To provide a perspective by investigating the potential cross-talk between the adipose tissue and the kidney during obesity.
It is well established that excessive caloric intake contributes to organ injury. The associated increased adiposity initiates a cascade of cellular events that leads to progressive obesity-associated diseases such as kidney disease. Recent evidence has indicated that adipose tissue produces bioactive substances that contribute to obesity-related kidney disease, altering the renal function and structure. In parallel, proinflammatory processes within the adipose tissue can also lead to pathophysiological changes in the kidney during the obese state.

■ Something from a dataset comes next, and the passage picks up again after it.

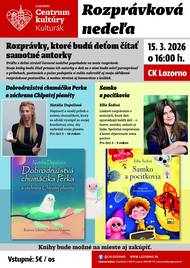 Před 6 dnyROZPRÁVKOVÁ NEDEĽA v CK Lozorno📅 15.3.2026 o 16:00 hod. 🏠 Centrum kultúry a vzdelávania Lozorno 👉Rozprávky, ktoré budú deťom čítať samotné autorky 📚!👈 📌 Milé rodinky! Príďte s deťmi stráviť čarovné nedeľné popoludnie vo svete rozprávok. Svoje knihy 📖 budú čítať priamo ich autorky a deti sa s nimi budú môcť porozprávať o príbehoch, postavách a počas podujatia si môžu nakresliť🖍️ aj svoju obľúbenú rozprávkovú postavičku. A možno stretnú aj kamarátov z knižiek. 📚 Natália Dujničová 🖋️ ⭐️ DOBRODRUŽSTVÁ CHUMÁČIKA PERKA A ZÁCHRANA CHLPATEJ PLANÉTY Napínavý a veselý príbeh o malom chumáčikovi, ktorý sa odváži vystúpiť zo svojej komfortnej zóny, aby zachránil svoju planétu. Pre deti 5 – 10 rokov. 📚 Ellie Šedivá 🖋️ ⭐️SAMKO A POCITKOVIA Láskavé rozprávanie o emóciách, ktoré deti sprevádzajú každý deň – o hneve, smútku, radosti aj láske. Spoločné rozprávanie a hravé objavovanie sveta pocitov. Pre deti 3 – 5 rokov. Knihy bude možné si na mieste aj zakúpiť. 📍Vstupné: 5€/os

Despite considerable efforts to better characterize the pathophysiology of obesity-related metabolic disease, there are still a lack of efficient therapeutic strategies. New strategies focused on regulating adipose function with respect to AMP-activated protein kinase activation, NADPH oxidase function, and TGF-β may contribute to reducing adipose inflammation that may also provide renoprotection.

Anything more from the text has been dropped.